Хэнк смотрел безо всякого гнева или одобрения.
– Доведется поверить, мистер Хелм. Натыкаясь на раздражающе противоречивые, взаимоисключающие сведения, припоминайте: операцию начали не для вашего личного удовольствия. Что смущает вас, поставит в тупик других - тех, кого настоятельно необходимо ставить в тупик. По возможности, безвыходный. Усомнишься не на шутку - припомни, сынок: затею одобрили в Вашингтоне. Даже твой начальник одобрил.
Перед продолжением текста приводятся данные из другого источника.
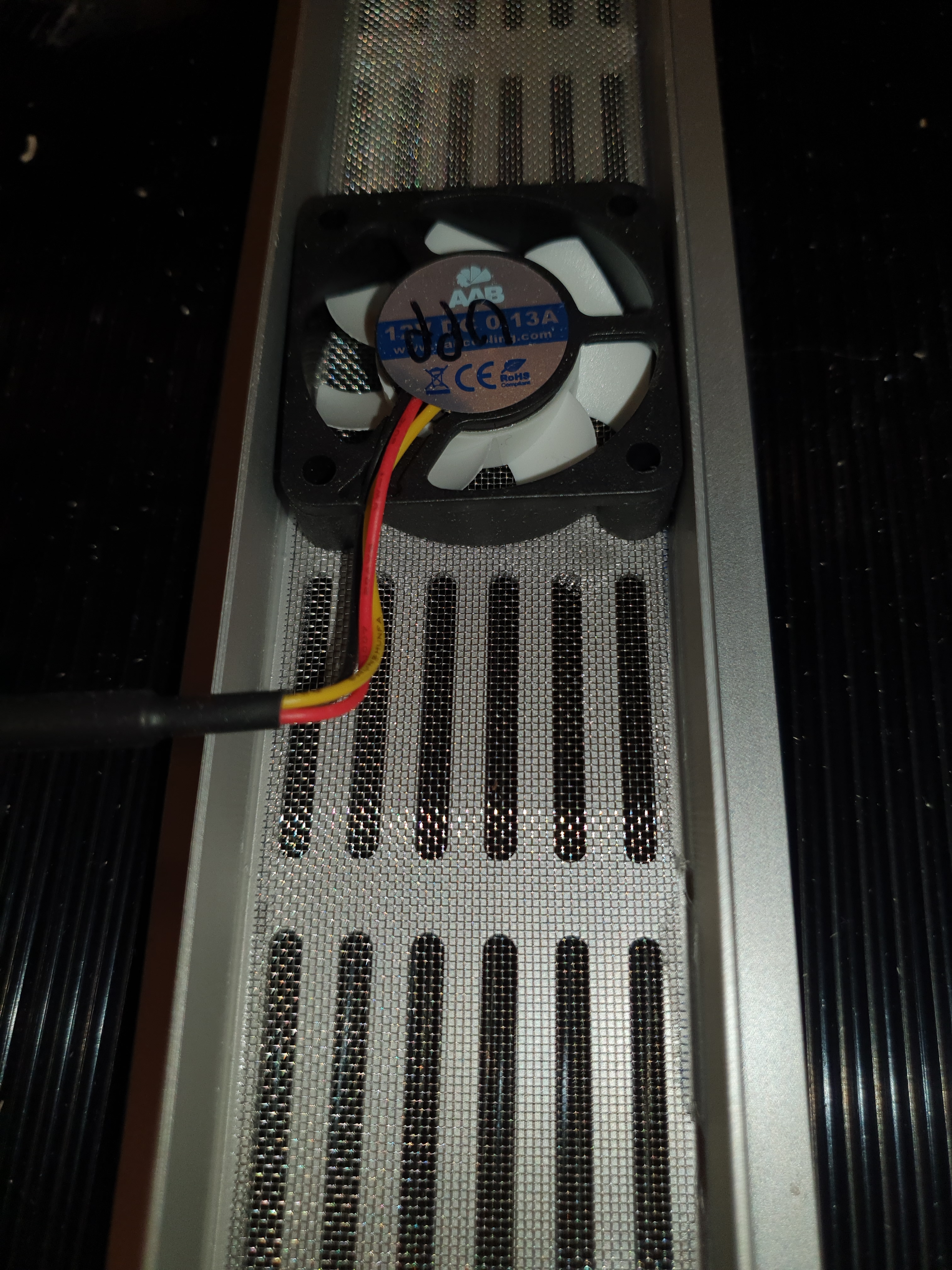 Eftersom jag kommer ha skjutglas på två sidor ville jag har lite stabilitet även i ventilationen i burkens nedre framkant. Jag har således köpt 1m alu-ventilation som oftast används till kylar/frysar och sedan har jag silikonat flugsäkert nät på insidan. Blir både estetiskt och stabilt. Jag har samma alu-ventilation i toppen med skillnaden att jag där skurit bort lite mer alu för att få plats med 4st små (40mm) fläktar. Naturligtvis flug/grod säkrade med flugsäkert när även dem. Har sedan också köpt en styrning (se bilden ovan) till fläktarna så med den tillsammans med timer borde jag kunna ställa in så att det blir cirkulation och rätt fuktighet. Det är tanken i alla fall. Har börjat med eldragning och så har jag köpt all belysning men det blir nog en uppdatering här senare i veckan. Jag har också ritningar på alla glas jag beställt vilket också kan ge inspiration och en större förståelse hur jag tänkt att alla ska hänga ihop
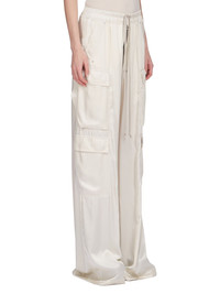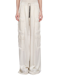 RICK OWENS SS25 HOLLYWOOD CARGOBELAS IN DINGE WASHED CHARMEUSE THESE CARGOBELAS PANTS ARE FULL-LENGTH WITH A LOW CROTCH AND WIDE LEG. THEY FEATURE AN ELASTICIZED WAISTBAND WITH DRAWSTRING AND A BELA EXPOSED CENTER ZIPPER WITH TWO SNAP DETAIL AT BOTTOM. THEY HAVE SIDE WELT POCKETS WITH RIVET AND EYELET DETAIL, FOUR BEVELED CARGO POCKETS ON THE SIDE LEG AND TWO REAR WELT POCKETS WITH CONCEALED SNAPS AND TOPSTITCHING THIS LIGHTWEIGHT AND FLUID CHARMEUSE IS HAS A SEMI-SHINY SURFACE AND WASHED FINISH. THIS FABRIC IS MADE FROM CERTIFIED VISCOSE WHICH ENSURES THAT THE FIBERS ARE PRODUCED FROM RESPONSIBLY MANAGED SOURCES AND NO DEFORESTATION OCCURS COLOR: DINGE MATERIAL: 61% ACETATE + + 39% VISCOSE MODEL IS 181CM TALL MODEL WEARS SIZE 40
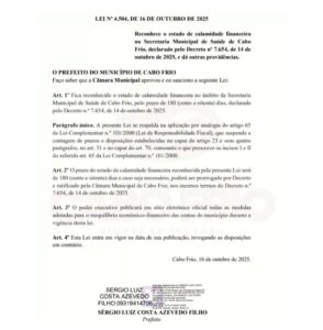 O prefeito de Cabo Frio, Dr. Serginho (PL), sancionou, no Diário Oficial da última quinta-feira (16), a lei que reconhece o estado de calamidade financeira na Secretaria Municipal de Saúde pelo prazo de 180 dias. A medida foi aprovada pela Câmara da cidade. O prazo pode ser prorrogado por decreto e ratificado pelo legislativo municipal, caso seja necessário.
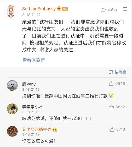 开通了官方微博@SerbianEmbassy,
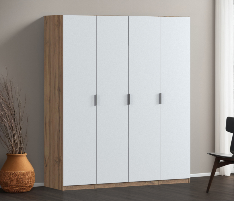 Шкаф четырехдверный Макс 2000 мм, вариант №4 (ЛДСП, корпус дуб вотан) (Белый Альпийский) Код 00000337453

Скажи себе: капитан первого ранга Генри Фарнхэм Прист привык верно служить Америке, а привычка - вторая натура. Да и поздновато в моем возрасте иудой становиться, - улыбнулся Прист.
– Либо верь на слово, сынок, либо отрывай задницу от удобного стула и сей же час выметайся вон из Норвегии. Очень пригодился бы, но и без тебя обойдусь неплохо... Решай, гром и молния!
Выдержав надлежаще долгую паузу, я произнес:
– Впечатляющая речь, сэр. Можно внести предложение?
– Какое?
– Не говорите "поверить", "верь" и тому подобного. Верить можно только в Господа Бога. А если меня просит поверить на слово простой смертный, тут же возникают основательные подозрения. Переиграли вы, Шкипер...
Рисковал я умышленно. С Хэнком предстояло работать. И нельзя было выглядеть в его светло-голубых глазах сосунком, готовым немедля клюнуть на вдохновляющую, патриотическую, насквозь идиотскую тираду. Я и без того ударил в грязь лицом - на бергенской улочке.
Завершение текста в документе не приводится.